One noninvasive treatment that some believe worthy of exploration despite mixed reviews is the use of permanent magnets and other sources of static magnetic fields. An early review of magnetic therapy research conducted in Europe [8] reported clinical improvements in patient populations, including individuals with rheumatoid arthritis, cervical osteoarthritis, and CTS. Although the number of published studies since that time testing the efficacy of static magnetic fields is small, preliminary findings from some of these studies suggest the potential for promising applications of this modality in selected populations. Randomized, controlled trials using static magnetic fields (SMFs) have demonstrated effectiveness in reducing neuropathic pain in certain populations [9-13]. These studies were followed by a systematic review and meta-analysis of randomized trials using static magnets for reducing pain that led the British reviewers to conclude that although evidence was insufficient to exclude clinically important benefits, evidence was not sufficient to support the use of static magnets for pain relief [14]. A Cochrane review led by Kroeling and colleagues [15] evaluated the effectiveness of magnetic therapies, including the effectiveness of permanent magnets (in necklaces) for neck pain, with the authors reporting that the evidence quality was low and that further study was needed. A recent critical literature review on use of static magnet therapy for the relief of pain and discomfort [16] concluded there is a benefit to using static magnets for pain given that beneficial health outcomes can be influenced by positive expectation, leading health professionals to conclude that, although there is much more to understand about magnets, even more understanding is needed about expectations of outcomes in many therapies.

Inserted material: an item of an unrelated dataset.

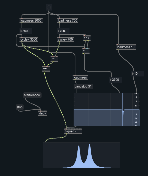 Programmare un patch in modo da filtrare in alternativa una delle due bande laterali di un un suono ottenuto da modulazione d’ampiezza tra un oscillatore sinusioidale con frequenza 3000 Hz ed un secondo oscillatore sinusoidale con frequenza 700 Hz.

In earlier research conducted in our center using magnetic sleep pads with persons suffering from fibromyalgia, approximately 45% of participants reported a reduction in pain and an improvement in functional status [17,18]. No adverse effects were reported in these studies. It is important to note that many studies of the effects of SMFs have failed to describe fully the strength and configuration (the “dose”) of the magnets used (e.g., placement site, distance from and flux density within the target tissue); thus, results often cannot be compared or reproduced [9,19]. Important questions remain unanswered concerning the mechanism whereby magnetic devices may produce beneficial effects [20]. Although the evidence of a biological effect is greater for electrical stimulation and pulsed electromagnetic stimulation than for SMFs [6], there are data supporting the biological effects of SMFs. Exposure to a quadra-polar SMF caused reversible blockage of action potential firing and reduction of responses to the pain-producing substance capsaicin in adult dorsal root ganglion cells in vitro [21-23]. Low level static fields (10-100 mT) can produce local, significant arteriolar vasodilation and increased peripheral blood flow in skeletal muscle within 15 min, possibly as a result of the modulation of intracellular Ca²⁺ concentrations [24-27]. These results imply that SMF exposure influences arteriolar diameters, and therefore microvascular tone, in a restorative fashion, acting to normalize the tone somewhat, which influences tissue perfusion. Thus, SMF application could be efficacious for the treatment of both ischemic and edematous tissue disorders involving compromised microvascular function [25], such as CTS.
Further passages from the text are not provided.